## Data to examine
════

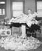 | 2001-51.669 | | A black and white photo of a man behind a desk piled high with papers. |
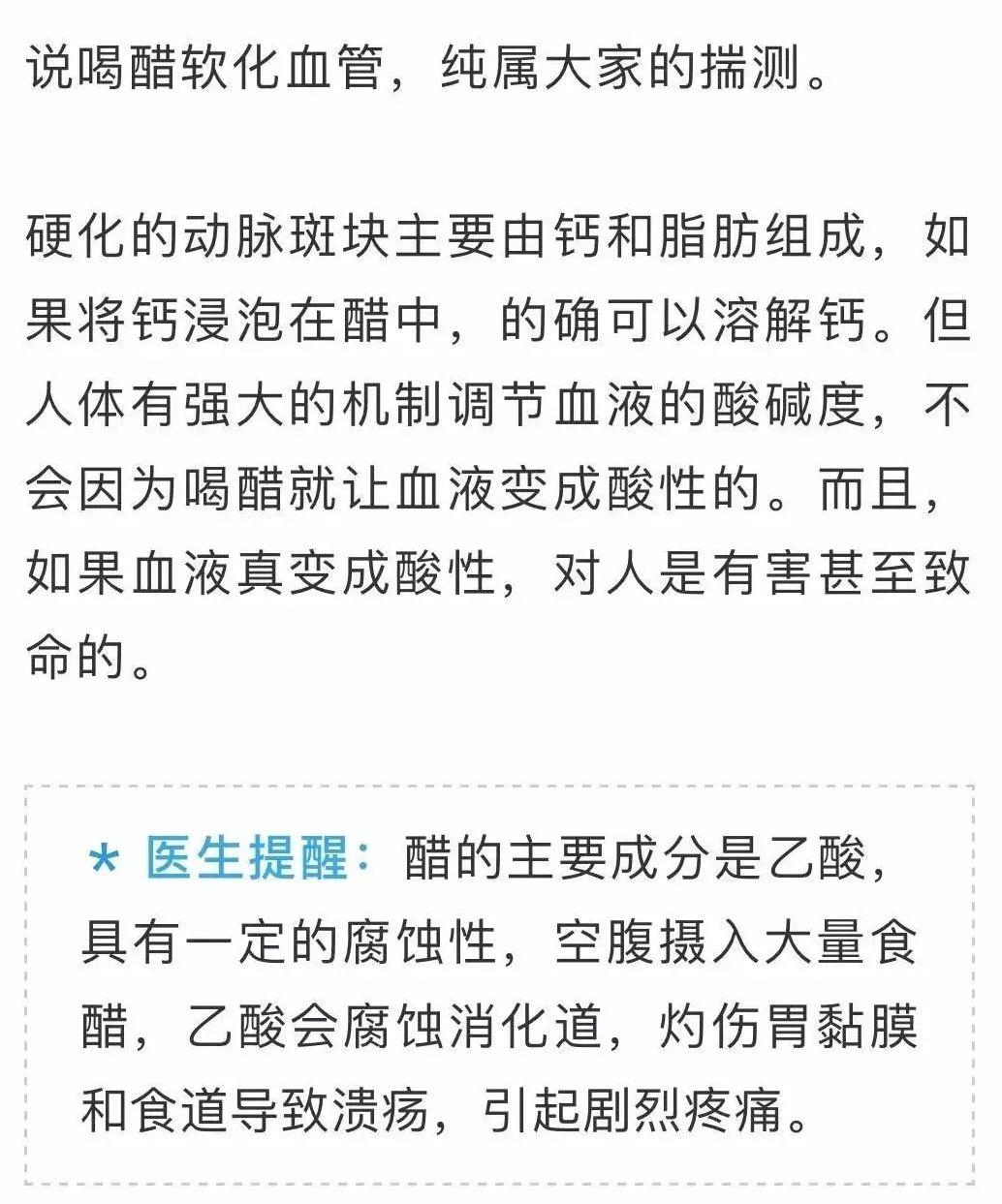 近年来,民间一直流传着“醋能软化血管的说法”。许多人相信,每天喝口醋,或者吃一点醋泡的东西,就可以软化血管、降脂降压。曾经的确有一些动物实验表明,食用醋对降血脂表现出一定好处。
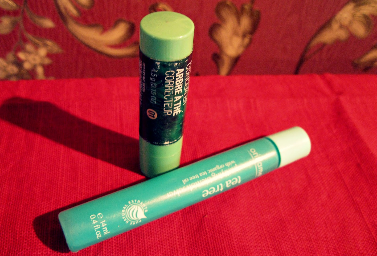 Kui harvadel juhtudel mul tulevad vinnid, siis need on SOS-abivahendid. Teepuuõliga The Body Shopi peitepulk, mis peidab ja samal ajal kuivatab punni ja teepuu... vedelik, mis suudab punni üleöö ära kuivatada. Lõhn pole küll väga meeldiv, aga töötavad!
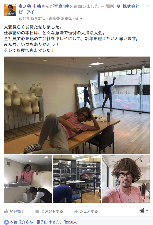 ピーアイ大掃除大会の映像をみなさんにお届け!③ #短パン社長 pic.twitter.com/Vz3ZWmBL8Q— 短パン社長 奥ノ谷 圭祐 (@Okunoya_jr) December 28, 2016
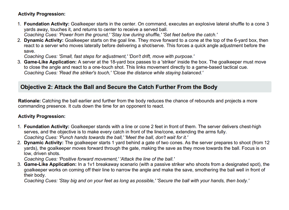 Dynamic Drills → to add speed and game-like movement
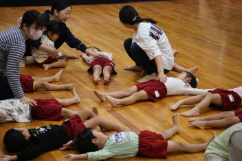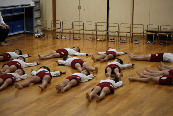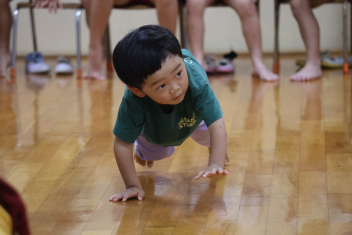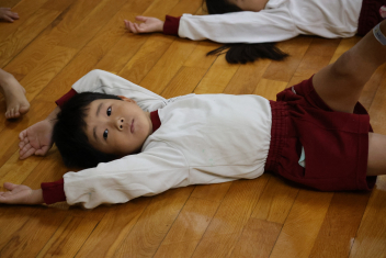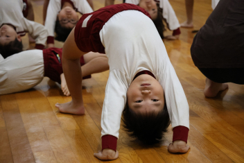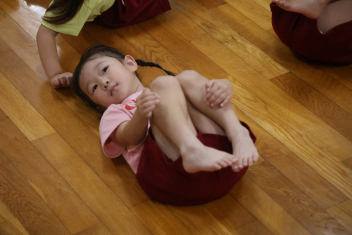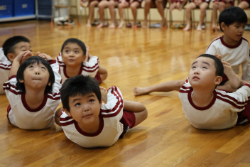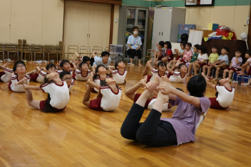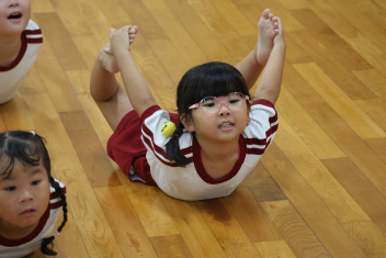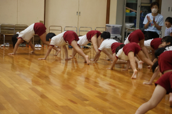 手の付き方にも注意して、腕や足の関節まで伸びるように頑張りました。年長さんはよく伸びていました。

════

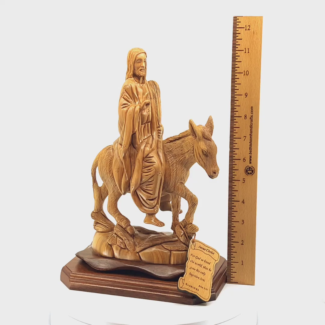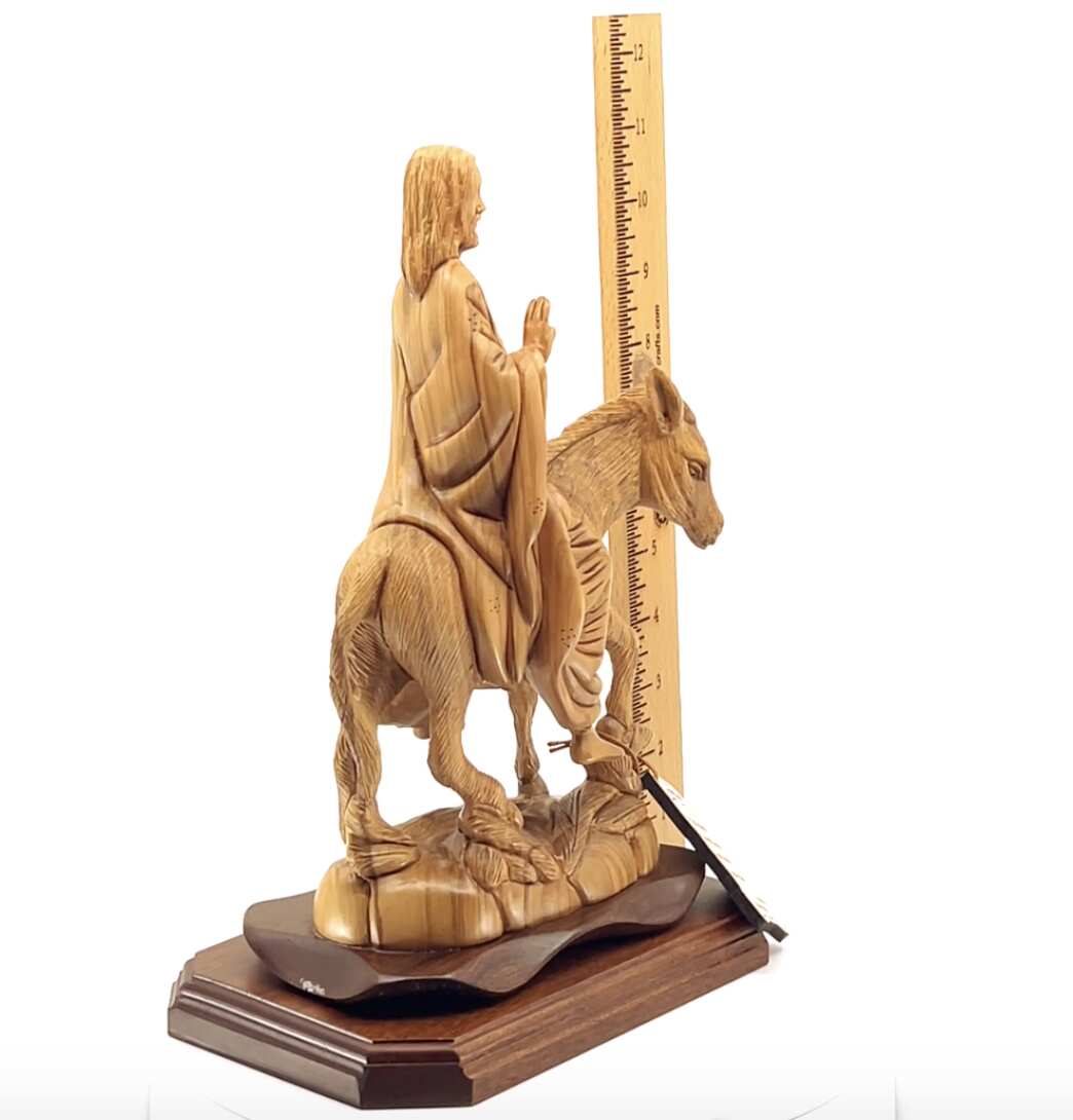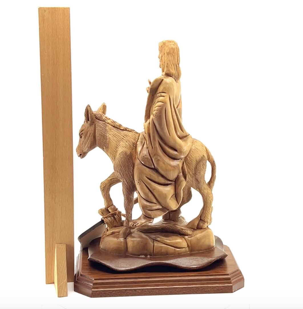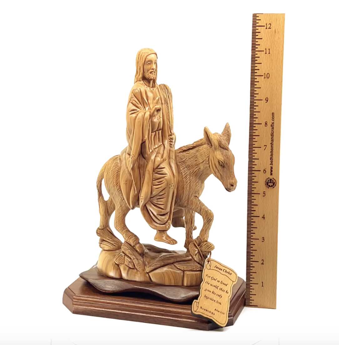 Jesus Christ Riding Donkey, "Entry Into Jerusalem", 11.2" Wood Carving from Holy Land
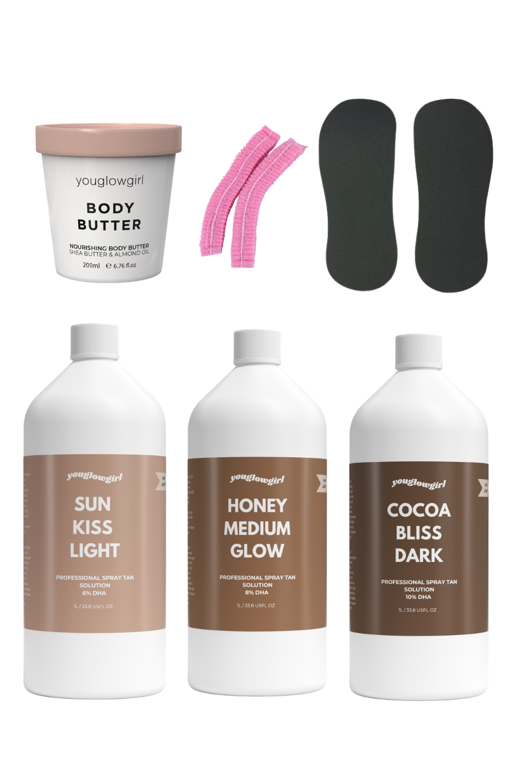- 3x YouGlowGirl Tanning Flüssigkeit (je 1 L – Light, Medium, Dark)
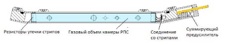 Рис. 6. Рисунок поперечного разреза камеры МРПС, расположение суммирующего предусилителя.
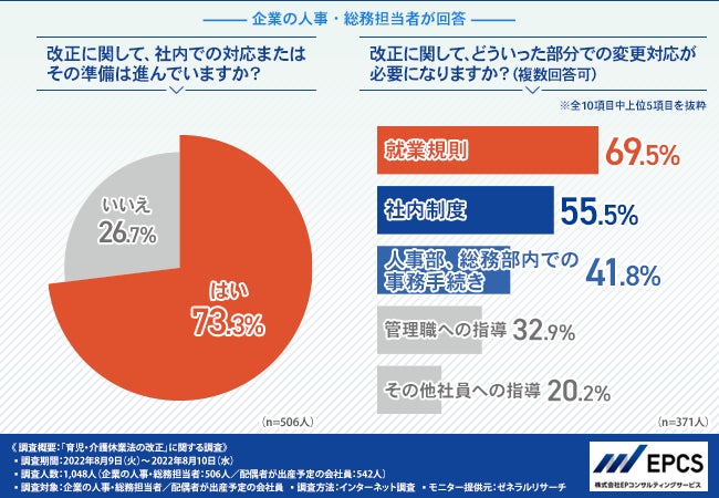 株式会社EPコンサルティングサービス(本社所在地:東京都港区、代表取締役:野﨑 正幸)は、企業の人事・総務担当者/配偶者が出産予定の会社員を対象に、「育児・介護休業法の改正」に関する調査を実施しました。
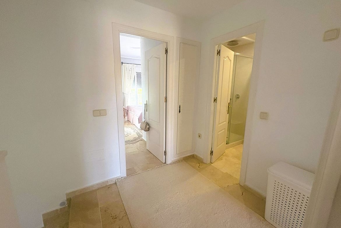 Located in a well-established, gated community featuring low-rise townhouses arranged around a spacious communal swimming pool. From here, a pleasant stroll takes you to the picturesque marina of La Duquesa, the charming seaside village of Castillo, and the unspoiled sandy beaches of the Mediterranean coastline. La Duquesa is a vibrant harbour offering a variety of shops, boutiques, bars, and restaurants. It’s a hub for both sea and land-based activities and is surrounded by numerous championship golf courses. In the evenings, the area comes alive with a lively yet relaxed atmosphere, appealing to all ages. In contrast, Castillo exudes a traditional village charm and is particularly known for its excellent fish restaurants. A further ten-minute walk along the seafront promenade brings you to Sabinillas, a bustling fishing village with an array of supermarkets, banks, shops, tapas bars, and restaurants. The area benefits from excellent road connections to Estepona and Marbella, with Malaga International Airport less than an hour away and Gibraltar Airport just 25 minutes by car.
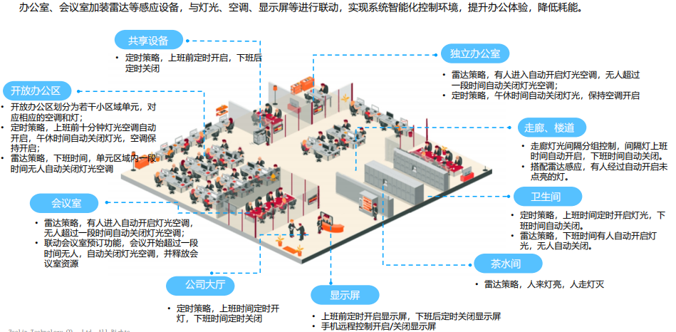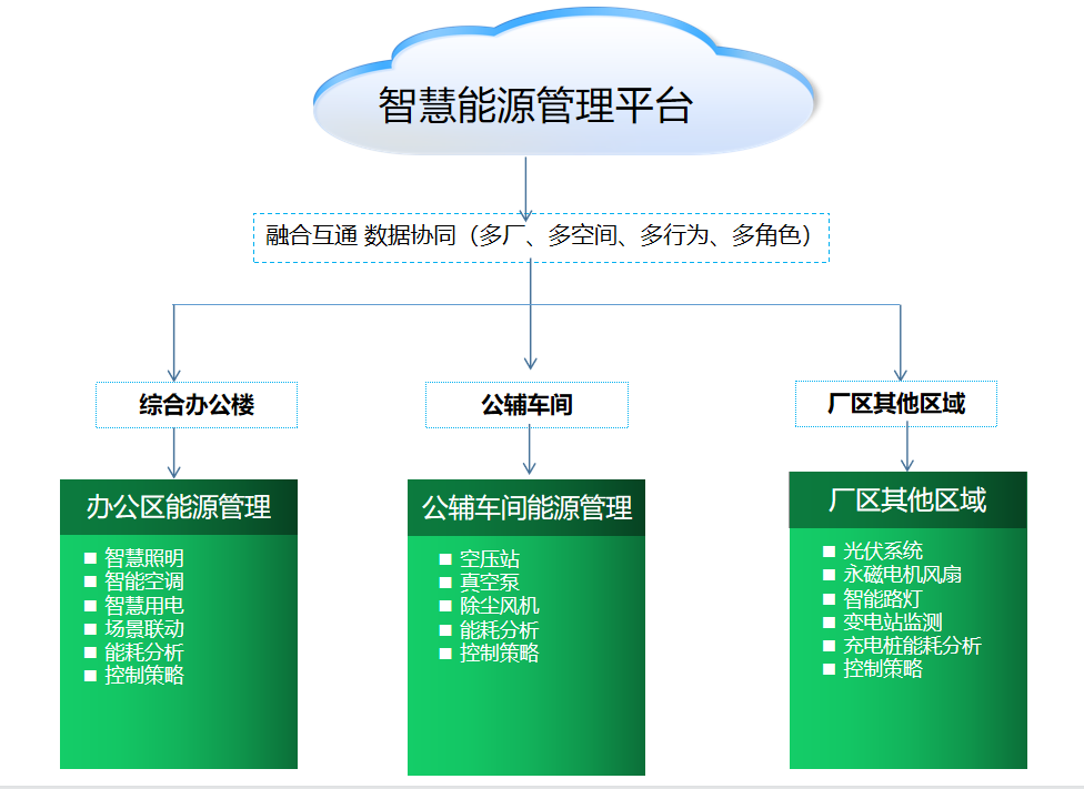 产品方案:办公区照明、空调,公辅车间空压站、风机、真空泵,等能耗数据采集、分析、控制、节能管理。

════

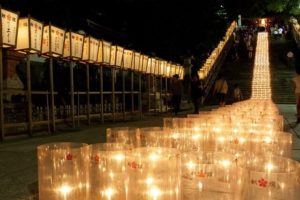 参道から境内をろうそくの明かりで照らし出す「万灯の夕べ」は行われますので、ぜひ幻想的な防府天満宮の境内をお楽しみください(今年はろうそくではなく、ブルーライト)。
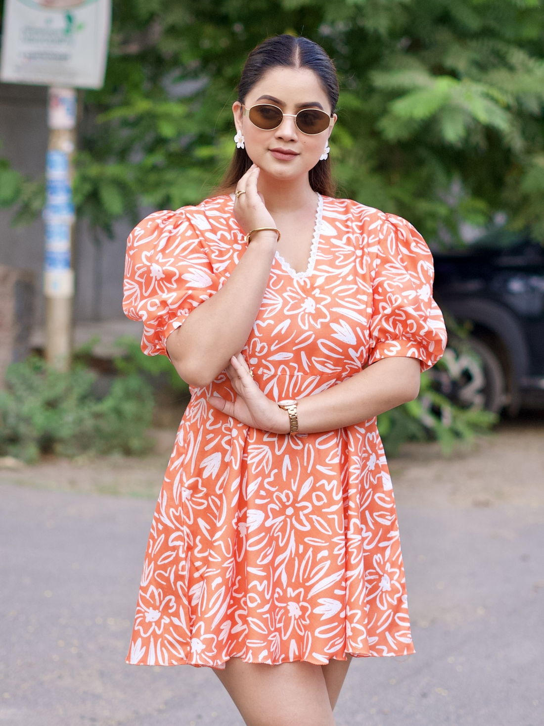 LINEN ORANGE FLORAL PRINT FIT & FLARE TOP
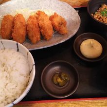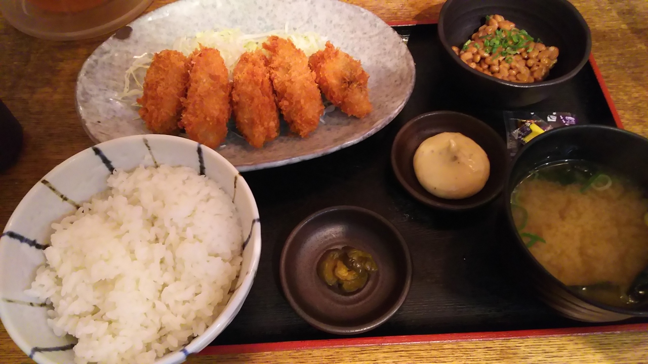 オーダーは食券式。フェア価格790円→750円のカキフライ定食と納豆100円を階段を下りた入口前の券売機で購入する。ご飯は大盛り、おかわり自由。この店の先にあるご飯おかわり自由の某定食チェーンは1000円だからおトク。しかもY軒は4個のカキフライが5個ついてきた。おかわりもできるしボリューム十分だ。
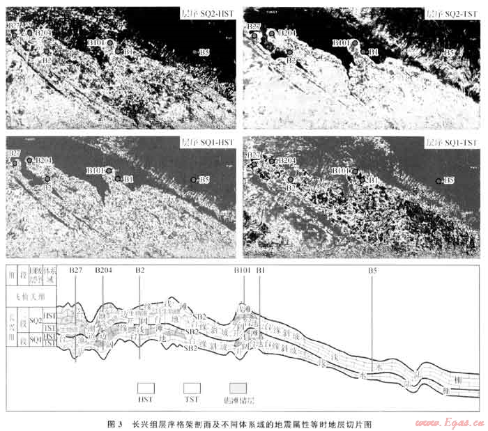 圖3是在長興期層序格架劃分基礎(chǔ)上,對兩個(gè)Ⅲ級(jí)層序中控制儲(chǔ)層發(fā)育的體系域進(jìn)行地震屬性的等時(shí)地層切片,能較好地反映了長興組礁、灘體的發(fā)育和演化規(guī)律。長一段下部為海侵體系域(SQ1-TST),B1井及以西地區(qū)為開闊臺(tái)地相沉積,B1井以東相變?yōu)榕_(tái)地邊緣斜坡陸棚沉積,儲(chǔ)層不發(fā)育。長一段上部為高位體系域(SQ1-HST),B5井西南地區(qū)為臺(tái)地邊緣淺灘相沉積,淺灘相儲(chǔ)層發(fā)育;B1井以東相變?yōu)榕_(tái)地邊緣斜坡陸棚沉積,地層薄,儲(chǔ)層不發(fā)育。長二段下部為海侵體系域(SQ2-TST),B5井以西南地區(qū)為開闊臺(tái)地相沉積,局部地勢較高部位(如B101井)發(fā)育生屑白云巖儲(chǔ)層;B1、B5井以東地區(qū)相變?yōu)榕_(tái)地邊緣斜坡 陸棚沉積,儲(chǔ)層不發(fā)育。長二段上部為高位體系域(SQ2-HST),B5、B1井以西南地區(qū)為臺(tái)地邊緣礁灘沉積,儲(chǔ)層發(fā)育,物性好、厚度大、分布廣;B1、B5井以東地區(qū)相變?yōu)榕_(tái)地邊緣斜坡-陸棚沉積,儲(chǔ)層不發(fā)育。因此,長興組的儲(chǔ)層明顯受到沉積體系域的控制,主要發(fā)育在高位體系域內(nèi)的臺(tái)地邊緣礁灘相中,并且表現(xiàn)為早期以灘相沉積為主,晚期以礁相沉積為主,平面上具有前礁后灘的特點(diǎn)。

════

## Problem
Transcribe only this stretch of the data: the line with "with papers. |", the line with "手の付き方にも注意して、腕や", and every line in between. Leave out the pictures.

## Task response
 | 2001-51.669 | | A black and white photo of a man behind a desk piled high with papers. |
 近年来,民间一直流传着“醋能软化血管的说法”。许多人相信,每天喝口醋,或者吃一点醋泡的东西,就可以软化血管、降脂降压。曾经的确有一些动物实验表明,食用醋对降血脂表现出一定好处。
 Kui harvadel juhtudel mul tulevad vinnid, siis need on SOS-abivahendid. Teepuuõliga The Body Shopi peitepulk, mis peidab ja samal ajal kuivatab punni ja teepuu... vedelik, mis suudab punni üleöö ära kuivatada. Lõhn pole küll väga meeldiv, aga töötavad!
 ピーアイ大掃除大会の映像をみなさんにお届け!③ #短パン社長 pic.twitter.com/Vz3ZWmBL8Q— 短パン社長 奥ノ谷 圭祐 (@Okunoya_jr) December 28, 2016
 Dynamic Drills → to add speed and game-like movement
 手の付き方にも注意して、腕や足の関節まで伸びるように頑張りました。年長さんはよく伸びていました。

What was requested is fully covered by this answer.